Hi. We have a lovely little Vizsla pup who is 16 weeks but we have some questions and concerns about house-training. Overnight we crate her and she is a dream, hardly ever complains, goes to bed willingly and we get her up and out for a wee in the morning largely without incident. 

We tell her to 'be quick' outside and she's brilliant at that too. But that doesn't stop her weeing in the house - the other day we had just come back from a walk in which she had done 4 or 5 little wees and she still went inside within 10 minutes. And then another day she weed in her crate shortly after a walk - with the door open, so there was zero reason for her to do it - and what surprised us is that we thought their beds would be the last place they would wee.

During the day, we confine her to an area - used to be the kitchen and she's never weed there - and then we moved it to the lounge area so she was closer to us and she's never weed there. But we are a bit lost as to where we go now with trying to encourage her not to wee elsewhere in the house. 

We know to take her out after food/water and play but even then we are caught out. We live in a flat which may complicate things but we preempt her weeing and take her out all the time and she does know to go outside when we ask her so we don't think that's really the issue.

Thanks


----------



## toadnmeme (Jun 7, 2014)

I know it's a pain and inconvient, but maybe go back to setting a timer for every 15-30 minutes, outside on leash, reward for potty. We noticed we had to do that after we my older one (I thought) had gotten the hang of it, then we needed to kind of go back to the basics. Also, are you sure you are cleaning the accident spots well and not with ammonia based products? Are there any triggers? My older one used to "sprinkle" when he got too excited, played hard, or we used a high pitched excited voice.
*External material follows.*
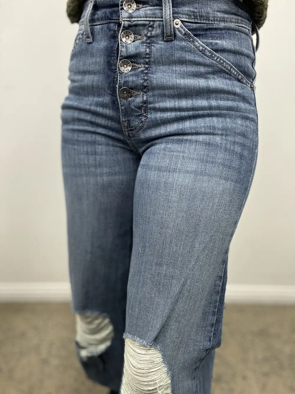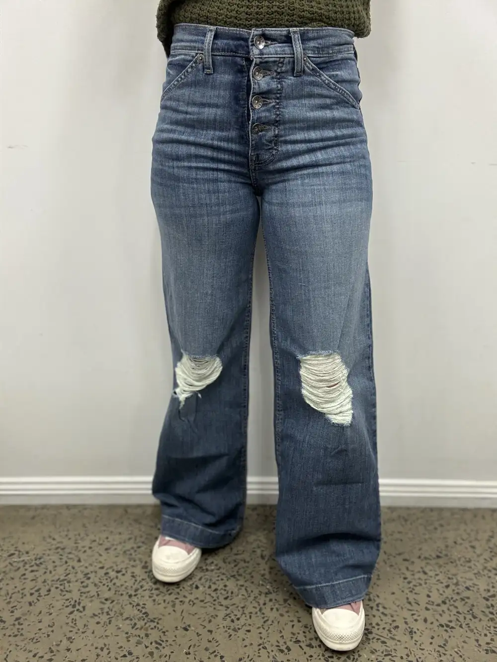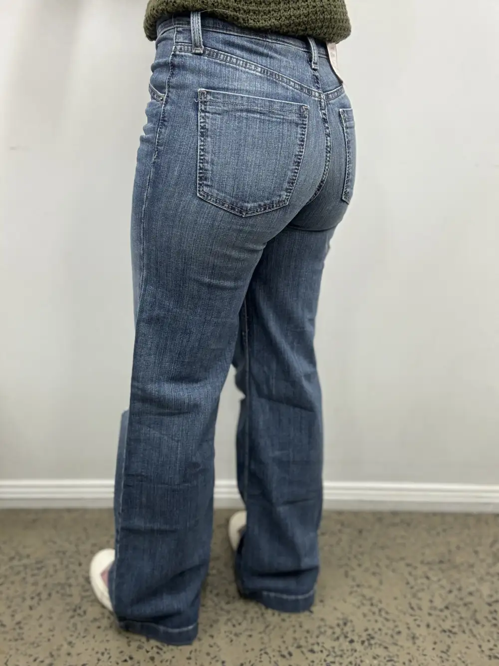 Kate is wearing a size 0/25 x 32 in the photos against the white wall. Kate's measurements are -

Make sure to search the forum for potty training tips in the puppy section, lots of good info!


----------



## Canadian Expy (Feb 27, 2013)

For the next while I would limit the areas that your girl has access to when you are at home, never leave her unsupervised as you may miss a chance to get her outside. It sounds like she is already housetrained in your kitchen and lounge, since she knows not to wee there. I would pick another room you want her to get familiar with and spend time in there with her. If she squats to pee, pick her up and get her outside right away so she knows not to wee in there. As she conquers each room, you can then move onto the next one. It may be a case of allowing her too much space, too soon. I always ease young/new pups into the house, and they need to earn their passes into new rooms/floors of the home. Leash her to you if it will help you catch her in the act. If she starts to sniff the ground, get her outside just to be on the safe side. 

Also, as mentioned, make sure you are cleaning the pee areas really well. If she is going back to the same spots to wee in the house, the scent has not been erased. 

Good luck


----------